**WORK REQUEST**
If a line in the records contains the string "överlämnanden", show that line.

:::

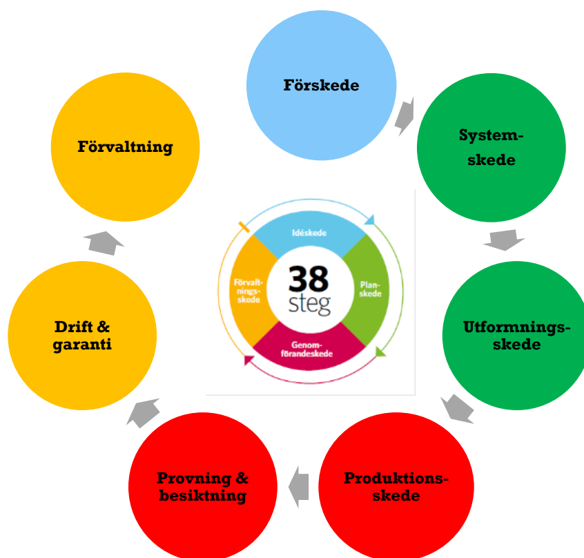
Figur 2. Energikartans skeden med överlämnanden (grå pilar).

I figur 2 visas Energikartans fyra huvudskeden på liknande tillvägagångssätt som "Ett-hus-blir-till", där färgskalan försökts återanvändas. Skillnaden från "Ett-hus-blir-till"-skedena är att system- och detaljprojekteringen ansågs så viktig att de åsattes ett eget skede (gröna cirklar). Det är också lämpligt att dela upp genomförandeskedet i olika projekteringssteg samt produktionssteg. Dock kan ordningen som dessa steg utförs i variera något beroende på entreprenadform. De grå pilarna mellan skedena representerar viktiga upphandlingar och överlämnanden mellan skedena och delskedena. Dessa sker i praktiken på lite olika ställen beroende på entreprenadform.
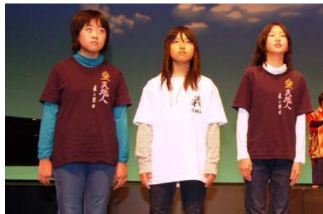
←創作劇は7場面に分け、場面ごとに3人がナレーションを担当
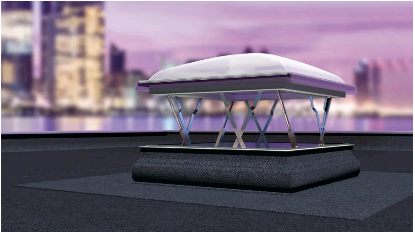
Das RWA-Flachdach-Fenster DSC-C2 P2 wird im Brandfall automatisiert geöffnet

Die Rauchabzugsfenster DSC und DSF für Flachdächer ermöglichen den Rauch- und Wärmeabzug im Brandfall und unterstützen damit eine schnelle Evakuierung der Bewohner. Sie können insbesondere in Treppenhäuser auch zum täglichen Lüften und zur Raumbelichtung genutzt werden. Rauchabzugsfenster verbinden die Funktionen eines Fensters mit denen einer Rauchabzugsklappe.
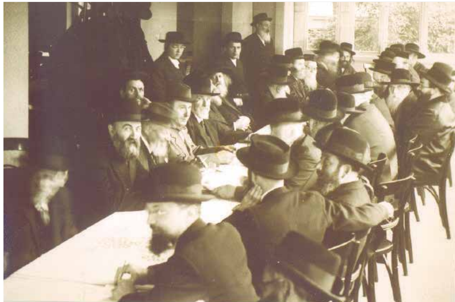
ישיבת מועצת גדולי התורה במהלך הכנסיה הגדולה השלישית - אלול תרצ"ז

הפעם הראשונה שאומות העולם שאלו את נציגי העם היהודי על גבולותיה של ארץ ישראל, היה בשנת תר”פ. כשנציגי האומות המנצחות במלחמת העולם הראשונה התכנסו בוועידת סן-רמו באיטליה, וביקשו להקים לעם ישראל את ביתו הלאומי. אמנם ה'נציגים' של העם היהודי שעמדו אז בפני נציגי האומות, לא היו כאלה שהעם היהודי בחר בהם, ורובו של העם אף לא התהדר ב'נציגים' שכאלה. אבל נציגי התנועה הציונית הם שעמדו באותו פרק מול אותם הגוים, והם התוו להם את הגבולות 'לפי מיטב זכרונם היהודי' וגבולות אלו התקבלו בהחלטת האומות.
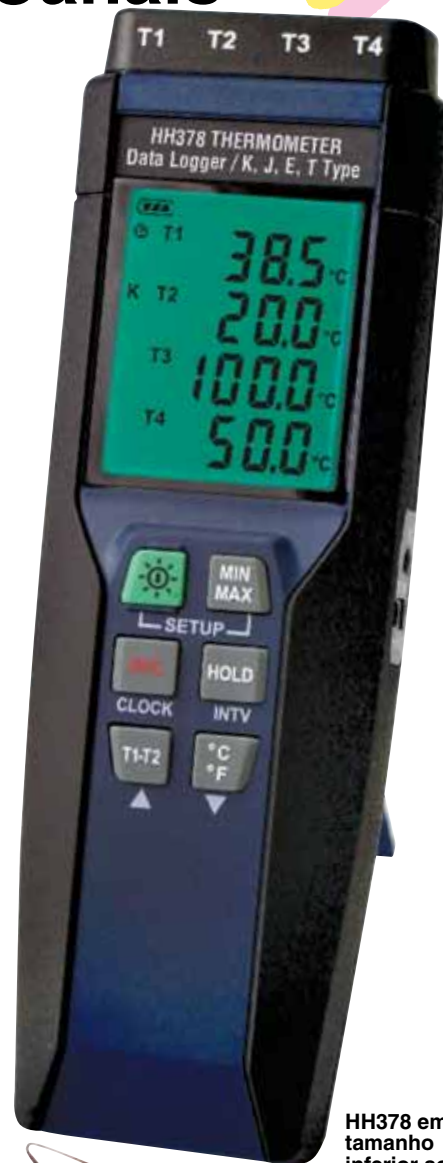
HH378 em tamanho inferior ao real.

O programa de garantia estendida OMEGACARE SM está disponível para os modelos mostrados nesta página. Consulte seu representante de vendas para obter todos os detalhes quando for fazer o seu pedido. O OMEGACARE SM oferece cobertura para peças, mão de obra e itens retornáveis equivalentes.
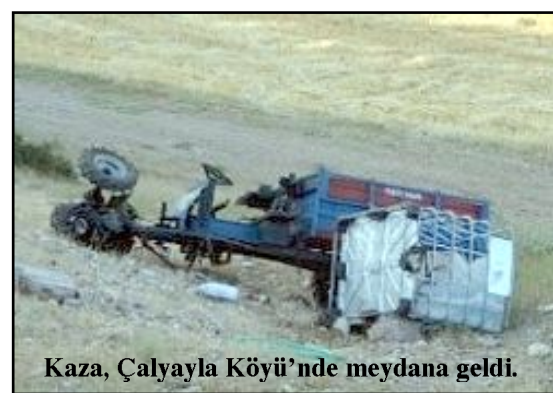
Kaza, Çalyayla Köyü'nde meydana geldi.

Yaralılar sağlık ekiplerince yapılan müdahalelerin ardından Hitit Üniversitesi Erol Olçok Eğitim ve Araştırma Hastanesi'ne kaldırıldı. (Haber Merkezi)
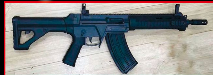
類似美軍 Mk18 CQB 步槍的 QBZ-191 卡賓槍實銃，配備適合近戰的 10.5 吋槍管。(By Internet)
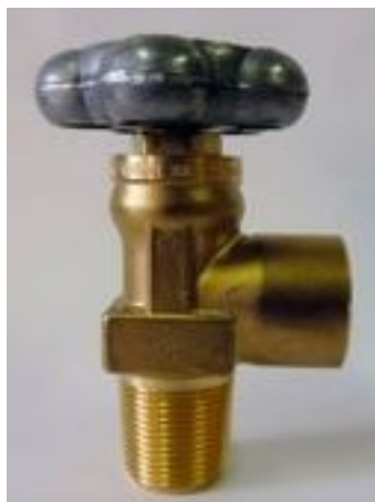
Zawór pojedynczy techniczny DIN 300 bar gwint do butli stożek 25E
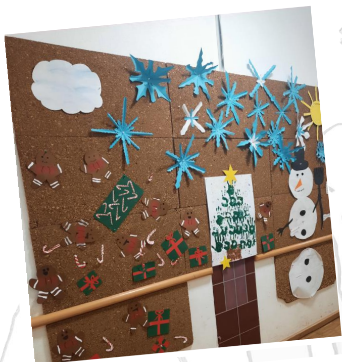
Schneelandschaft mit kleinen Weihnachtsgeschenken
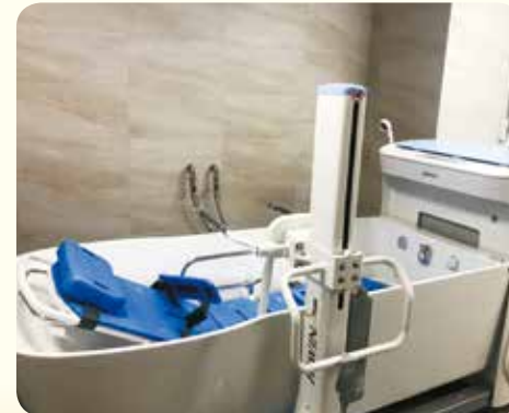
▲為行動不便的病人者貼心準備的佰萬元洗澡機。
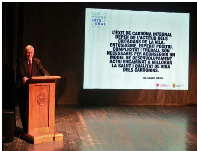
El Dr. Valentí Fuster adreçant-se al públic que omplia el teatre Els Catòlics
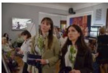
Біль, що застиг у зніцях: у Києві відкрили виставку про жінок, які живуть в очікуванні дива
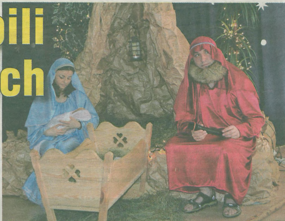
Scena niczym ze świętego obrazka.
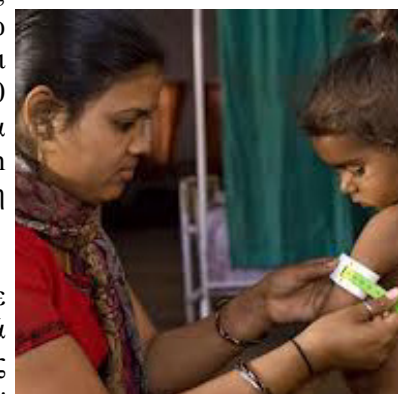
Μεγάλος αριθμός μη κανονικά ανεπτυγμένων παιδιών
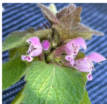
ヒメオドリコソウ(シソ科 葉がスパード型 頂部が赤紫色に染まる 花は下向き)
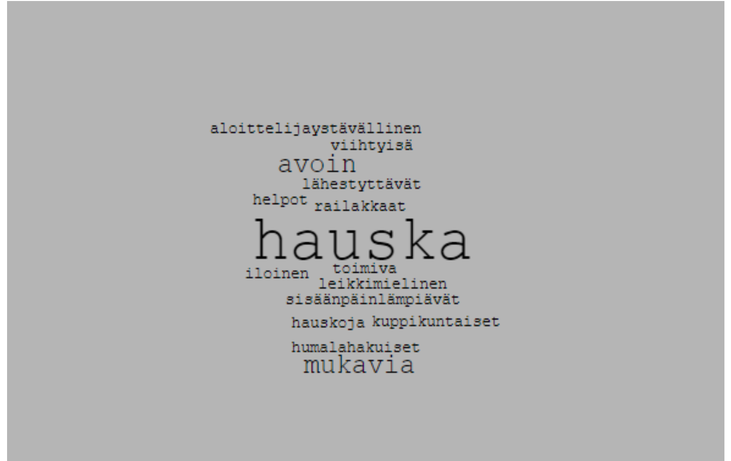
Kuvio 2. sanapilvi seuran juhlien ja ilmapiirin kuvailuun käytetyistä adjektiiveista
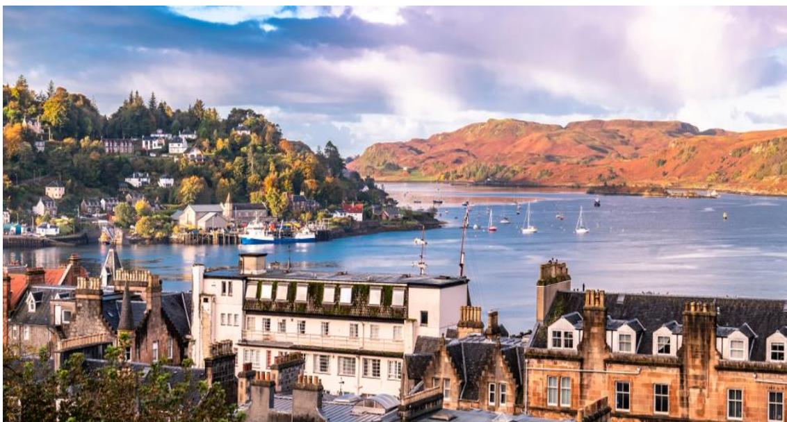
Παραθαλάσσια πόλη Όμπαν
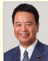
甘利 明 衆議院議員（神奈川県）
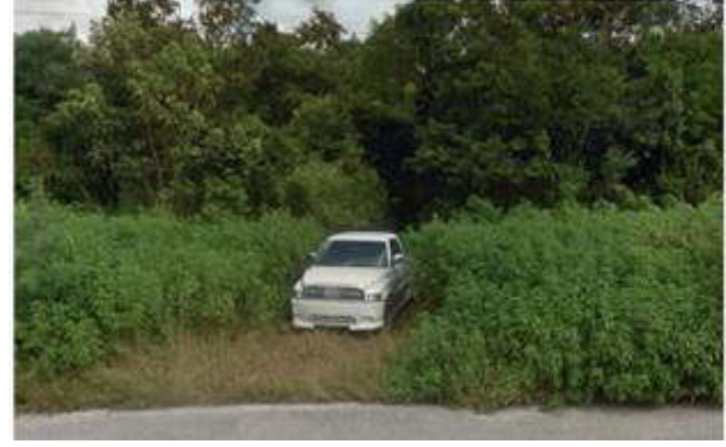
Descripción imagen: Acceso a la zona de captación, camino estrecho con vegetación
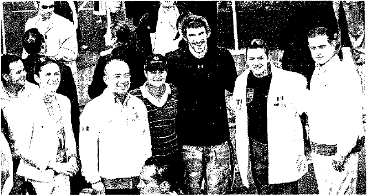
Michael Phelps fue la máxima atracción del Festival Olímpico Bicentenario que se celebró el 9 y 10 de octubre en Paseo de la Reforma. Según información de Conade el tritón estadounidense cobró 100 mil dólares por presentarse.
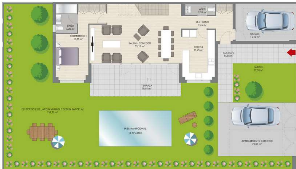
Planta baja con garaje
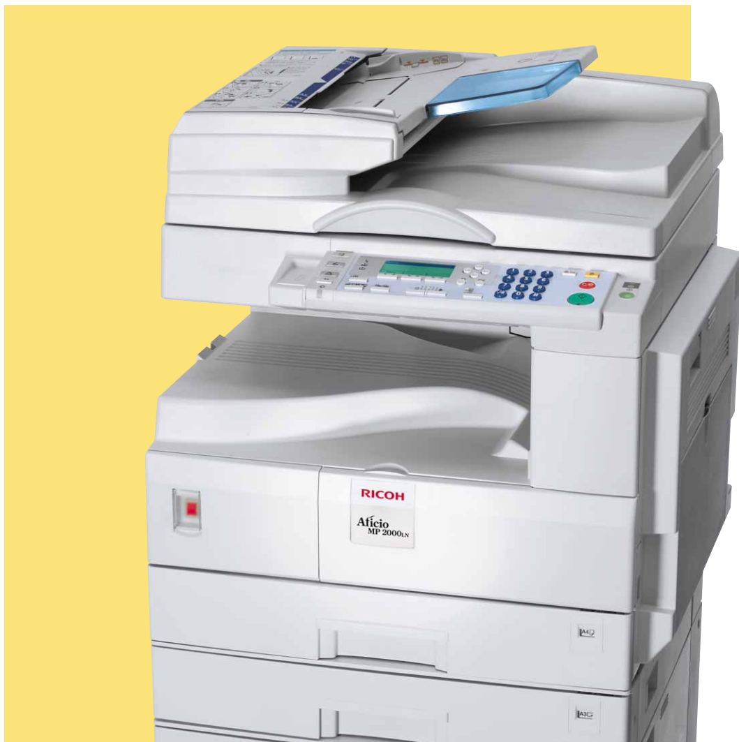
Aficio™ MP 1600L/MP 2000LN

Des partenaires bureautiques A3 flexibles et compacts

:::

**RESPONSE TO THE EXERCISE**
Figur 2. Energikartans skeden med överlämnanden (grå pilar).
I figur 2 visas Energikartans fyra huvudskeden på liknande tillvägagångssätt som "Ett-hus-blir-till", där färgskalan försökts återanvändas. Skillnaden från "Ett-hus-blir-till"-skedena är att system- och detaljprojekteringen ansågs så viktig att de åsattes ett eget skede (gröna cirklar). Det är också lämpligt att dela upp genomförandeskedet i olika projekteringssteg samt produktionssteg. Dock kan ordningen som dessa steg utförs i variera något beroende på entreprenadform. De grå pilarna mellan skedena representerar viktiga upphandlingar och överlämnanden mellan skedena och delskedena. Dessa sker i praktiken på lite olika ställen beroende på entreprenadform.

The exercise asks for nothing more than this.